Mohammad Sharifullah faces a maximum prison sentence of 20 years after his one-count conviction in an international terrorism case that President Donald Trump heralded last year
Alexandria: An alleged Islamic State group militant was convicted on Wednesday, April 29, of a conspiracy charge in a deadly suicide bombing at a Kabul airport during the U.S. military’s chaotic withdrawal from Afghanistan in 2021.
Mohammad Sharifullah faces a maximum prison sentence of 20 years after his one-count conviction in an international terrorism case that President Donald Trump heralded last year during a speech to a joint session of Congress. Sharifullah didn’t testify at his weeklong trial.
Approximately 160 Afghans and 13 U.S. service members were killed in the Aug. 26, 2021, attack at the airport, where U.S. troops were conducting an evacuation operation when a lone suicide bomber detonated an improvised explosive device near an entry point known as Abbey Gate.
A federal jury in Virginia convicted Sharifullah of providing material support to an Islamic State regional branch known as ISIS-K. But the jurors deadlocked on whether any deaths at the airport “resulted from” that conspiracy. Sharifullah could have faced a possible life sentence if the jury had unanimously decided that question.
Sharifullah didn’t appear to have any visible reaction to the verdict. U.S. District Judge Anthony Trenga didn’t immediately set a date for Sharifullah’s sentencing.

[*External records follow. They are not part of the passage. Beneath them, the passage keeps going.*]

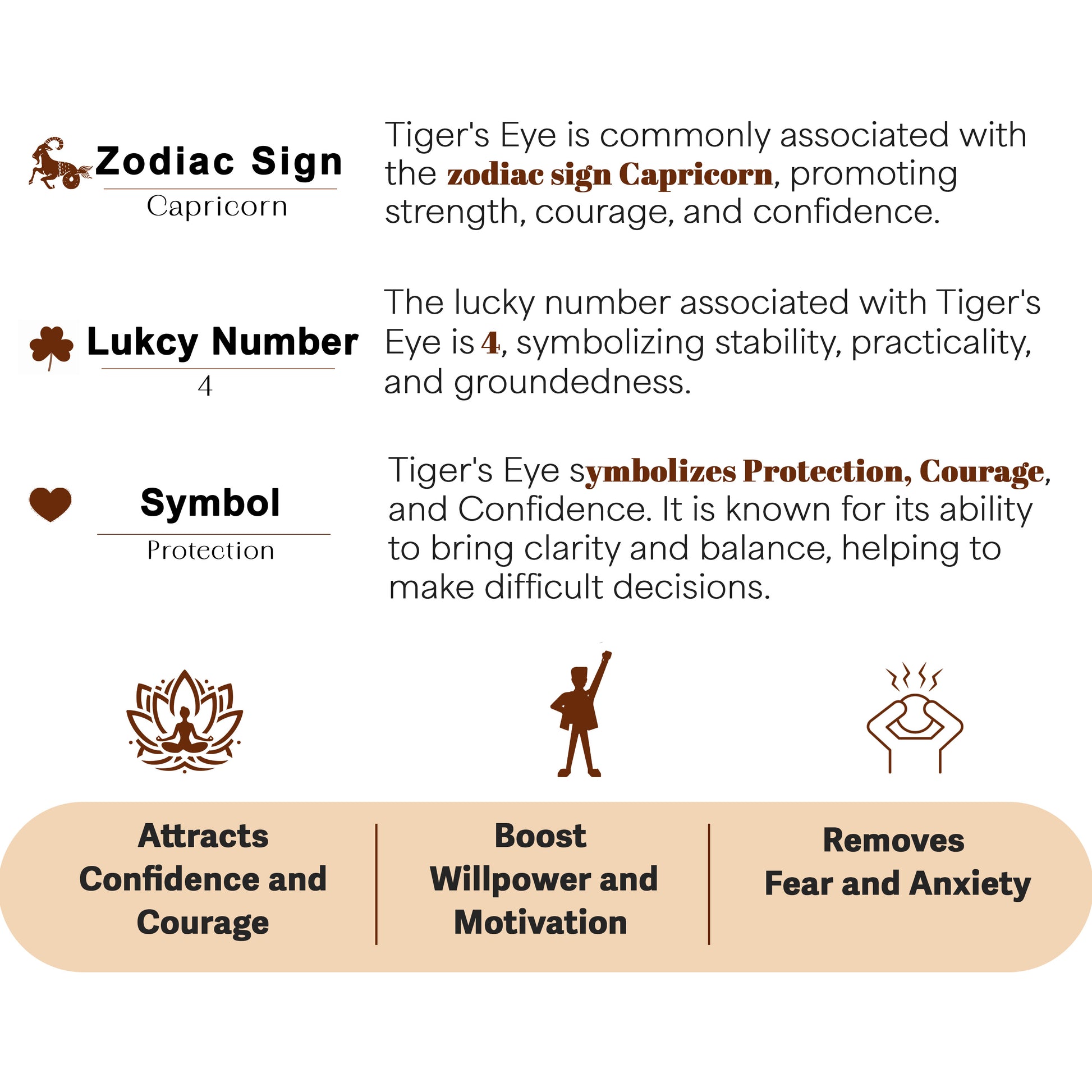 Protection and Courage: Tiger Eye strengthens willpower, boosts self-confidence, and shields against negative energies.
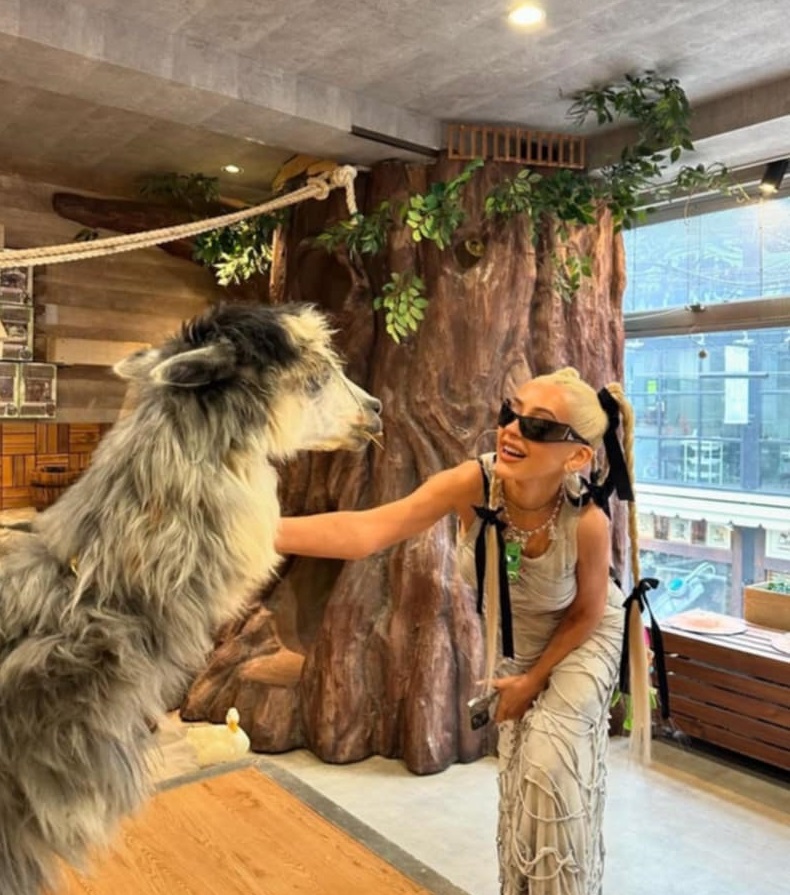 Имаше и кадър, на който русата красавица гали алпака, явно почивайки на екзотично място.
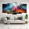 Este cuadro abstracto de un volcán con colores vibrantes sería ideal para colocar en la sala de estar sobre un sofá de color neutro para crear un impacto visual Combínalo con cojines en tonos coral y accesorios en turquesa para lograr un ambiente moderno y sofisticado
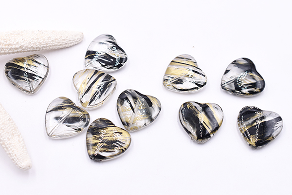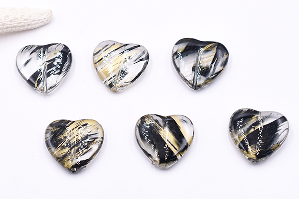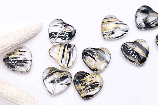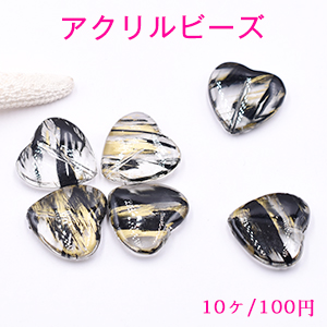 アクリルビーズ ハート 22×23mm クリア ブラック/ゴールド【10ヶ】
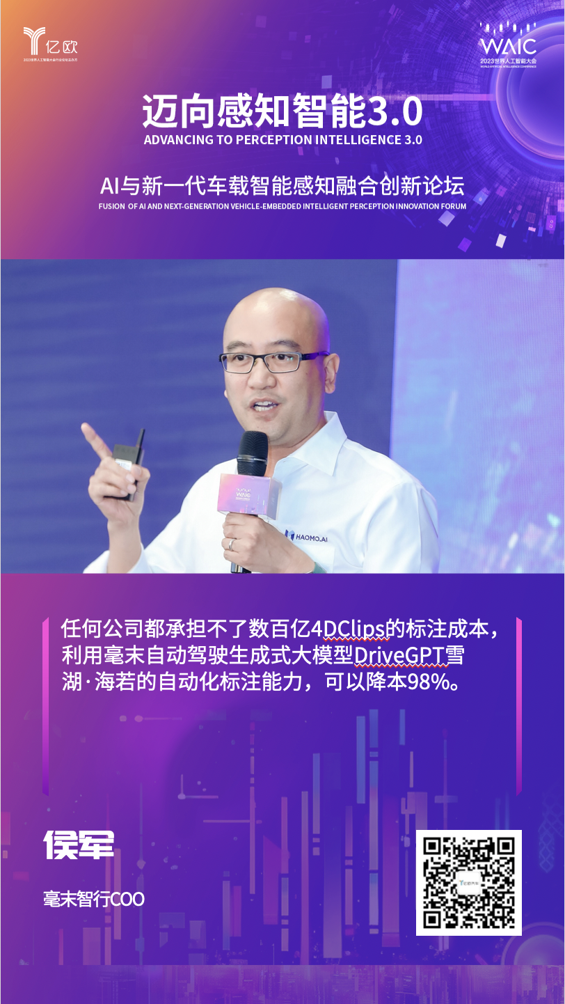 “从低速到高速,从载物到载人,从商用到民用”,这是毫末智行始终遵循的战略发展路径,毫末智行COO侯军认为,任何公司都承担不了数百亿4DClips的标注成本,利用毫末自动驾驶生成式大模型DriveGPT雪湖·海若的自动化标注能力,可以降本98%。
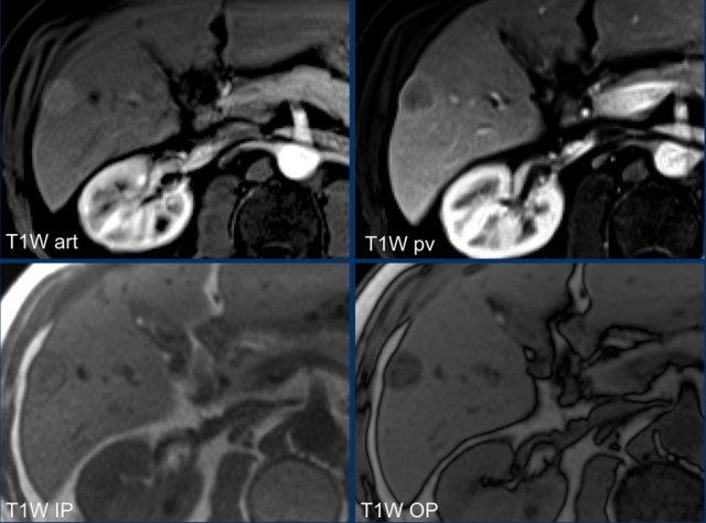 Ví dụ bao gồm các nốt tăng tín hiệu trên T1W, giảm tín hiệu trên T2W, nốt chứa sắt (siderotic) hoặc tăng tín hiệu trên thì gan mật (hepatobiliary phase).
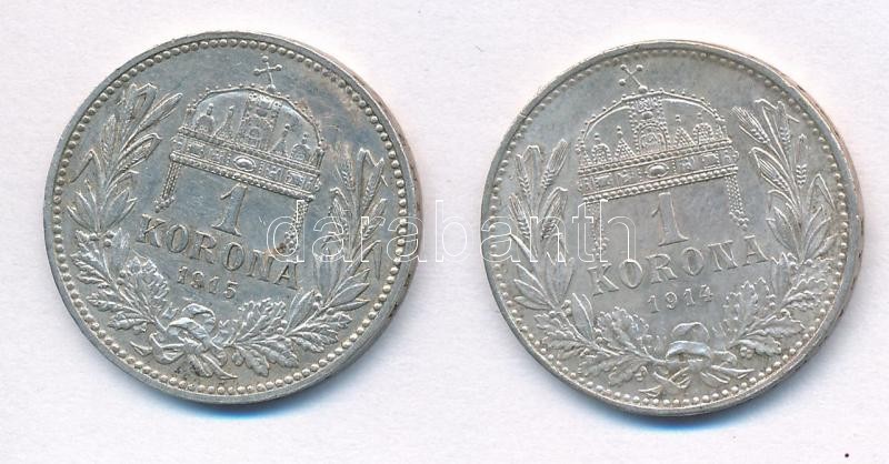 https://www.darabanth.com/en/272-Online-auction/272.0/Numismatics/Hungarian-coins-and-coins-with-Hungarian-mint-marks~300008/1914-1915KB-1K-Ag-Ferenc-Jozsef-2x-T2~II1381768
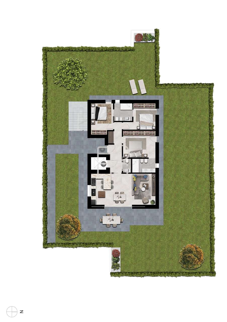 Innerhalb der Anlage bieten wir eine Erdgeschosswohnung, frei auf allen vier Seiten, mit großzügigen nutzbaren Außenflächen, bestehend aus einer überdachten Loggia und einem großen angrenzenden Privatgarten.
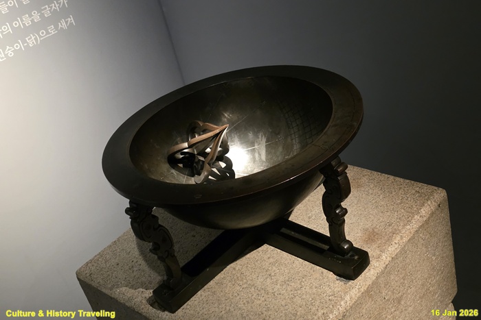 조선시대에는 다양한 종류의 해시계가 만들어졌습니다. 해시계는 해그림자로 해의 위치를 파악하고 운행 주기를 측정함으로써 시간을 알 수 있는 장치입니다. 앙부일구는 오목하게 생긴 해시계로, 1434년(세종 16)에 처음 만들어져 조선 후기까지 가장 널리 활용되었습니다. 조선 후기에는 서양 천문학이 전해지면서 다양한 작도법에 따라 편평한 모양의 평면 해시계도 만들어졌습니다. (안내문, 고궁박물관, 2025년)
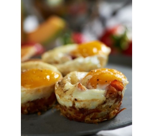 Crumble the bacon pieces and divide evenly among the 12 potato cups. Divide 1/2 cup of the Swiss cheese evenly in each cup over the bacon.
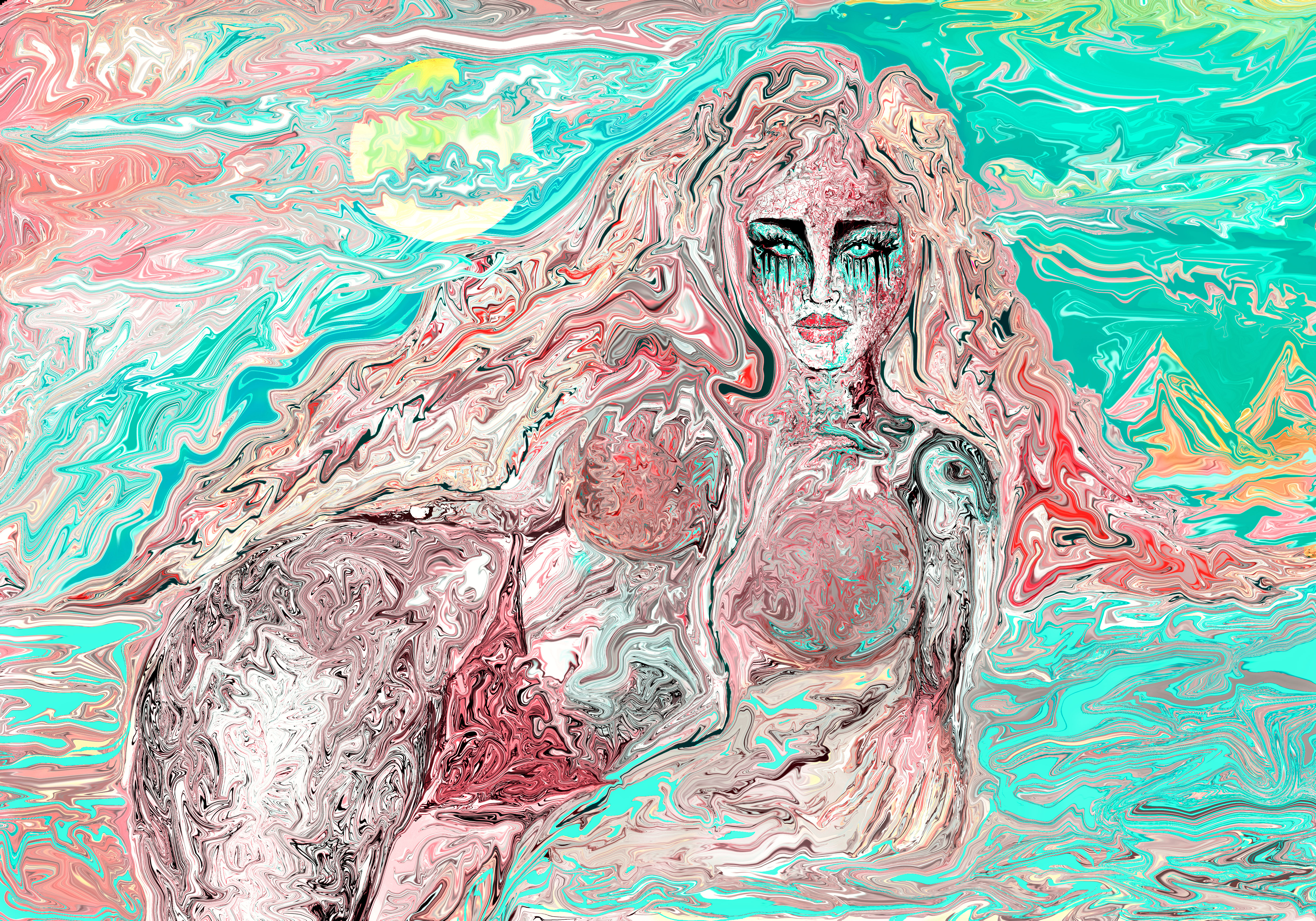 The mermaid was sleeping in her ocean Many fish had gathered around her A whale and a shark also cared for her she was very beautiful and rare and all the
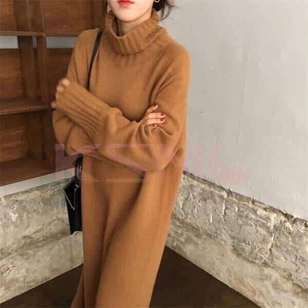 ★特徴:秋冬におすすめのニットワンピース。ハイネックで首元まで暖かい。ゆったりシルエットで体系カバー効果も。
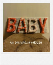アルファベット文字作ってみました♪ 今回は、BABYとKIDsとROOMとWELCOME。 裏側にプッシュピンを付けましたので、木のプレートに、直接壁に押し付けて使ってもらえます。 WELCO!?画像が切れちゃいました(汗)ちゃんと最後まであります(笑)WELCOME。 その他、ヘアゴムにハートサシェ。やっぱりボーダーが人気のようですな♪

Defense attorney Lauren Rosen argued that prosecutors failed to present any evidence tying Sharifullah to the bombing besides his own words during hours of FBI questioning. Rosen said Sharifullah told FBI agents what he thought they wanted to hear, possibly because he was afraid of being tortured in Pakistani custody before he was brought to the U.S.
“The problem was, he didn’t know much about what actually happened that day,” Rosen told jurors during the trial’s closing arguments. “The government has told you nothing about how this attack actually happened.”
Justice Department prosecutor Ryan White said Sharifullah played a crucial role in planning the Abbey Gate bombing and was involved in several other attacks by ISIS-K, including its March 2024 attack at a Moscow concert hall that killed roughly 140 people.
“The defendant thought nothing of killing,” White said. “For him, it was just another day at the office.”
A review by U.S. Central Command found that the Abbey Gate bomber was Abdul Rahman al-Logari, an Islamic State group militant who had been released from an Afghan prison by the Taliban. Sharifullah recognized the alleged bomber as an operative he had known while incarcerated, according to an FBI affidavit.
A former Marine testified to Congress that he and others had spotted two possible suspects behaving suspiciously on the morning of the bombing but didn’t get permission to act. However, the Central Command review concluded that the snipers hadn’t seen the actual bomber and that the attack was not preventable.
A prosecutor assigned to the Abbey Gate case was fired last year after a right-wing commentator publicly criticized him over his work during President Joe Biden’s Democratic administration. Michael Ben’Ary’s ouster was part of a broader purge of Justice Department veterans deemed to be insufficiently loyal to Trump, a Republican.